1st Minibatch takes abnormally large amount of time - Nvidia Jetson AGX Orin

Hi,

I have been trying to train/inference various vision models using Pytorch on the AGX Orin device. Across all 3 vision models (MobileNet, ResNet, Yolov8 (Ultralytics)), I have seen that the 1st minibatch always takes a very long time compared to the rest of the minibatches. Another thing I have noticed is the GPU utilization is 0 until the 1st minibatch is completed and only goes up from 2nd minibatch. Likewise, I notice a significant spike (then pretty stable) in power usage after the 1st minibatch. For example, in the case of MobileNet inferencing, the 1st minibatch takes ~2000 ms where as the rest of them take ~30 ms. I am using a Pytorch dataloader to feed images and using wrapper over jtop for logging minibatch times and other metrics. The Pytorch version I am using is 1.12, CUDA version 11.4 and jtop 4.1.2.

Does anyone know why this is the case?

I would imagine that this is related to CUDA and PyTorch CUDA subsystem initialization which may involve compilation. One particular aspect might be whether you have a compute architecture that is not foreseen in the PyTorch build. As far as I understand, that causes CUDA to generate PTX on the fly.

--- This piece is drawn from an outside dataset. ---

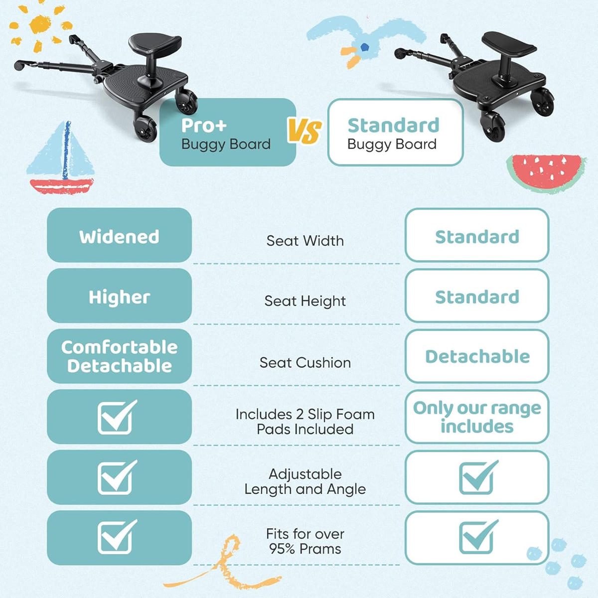 - 3 v 1 doska na prechádzky – táto doska ku kočíku umožňuje dieťaťu stáť alebo sedieť. Doska môže byť zavesená na rukoväť kočíka, keď sa nepoužíva. Je kompatibilná s viac ako 95 % modelov, vrátane ľahkých, trojkolesových a dáždnikových kočíkov, ale nie je vhodná pre modely kočíkov, ktoré sú príliš ľahké alebo príliš úzke. Je to ideálne riešenie pre rodiny s dvoma deťmi a uľahčuje cestu do nákupného centra, do parku alebo na cestovanie.

Others will know more.

Best regards

Thomas

I have built and installed the Nvidia recommended versions of PyTorch and torchvision for my Jetson’s JetPack version (PyTorch for Jetson - Announcements - NVIDIA Developer Forums). I have the R34 (release), REVISION: 1.1 JetPack version and exact pytorch version is 1.12.0a0+2c916ef.nv22.3.

So I think that GPU’s compute architecture is compatible with the PyTorch build and PyTorch does not need to generate PTX. But in any case, does generation of PTX take so long?

Oh right, you’d be using the JetPack that should have it all figured out.
Can you see what processes are taking the CPU during the wait?

There arn’t any other process except workload processes running. Also I not worried about CPU utilization… Not sure why GPU is held back until the first minibatch completed.

For example, in the case of MobileNet inferencing, the 1st minibatch takes ~2000 ms where as the rest of them take ~30 ms.

I don’t think ~2s to initialize PyTorch and CUDA and infer the first batch is abnormally long and would expect this warmup time.

But this is on MAXN mode on the Orin AGX. If we lower the number of cores or memory frequency, I see the first minibatch taking 15 seconds also.

Still, 2s is fast and I doubt you can lower it any further as it’s also not specific to Jetson devices.
On an x86 workstation:

time python -c "import torch; x = torch.randn(1)"

real	0m0.881s
user	0m1.590s
sys	0m1.665s


time python -c "import torch; x = torch.randn(1).cuda()"

real	0m0.976s
user	0m1.398s
sys	0m1.913s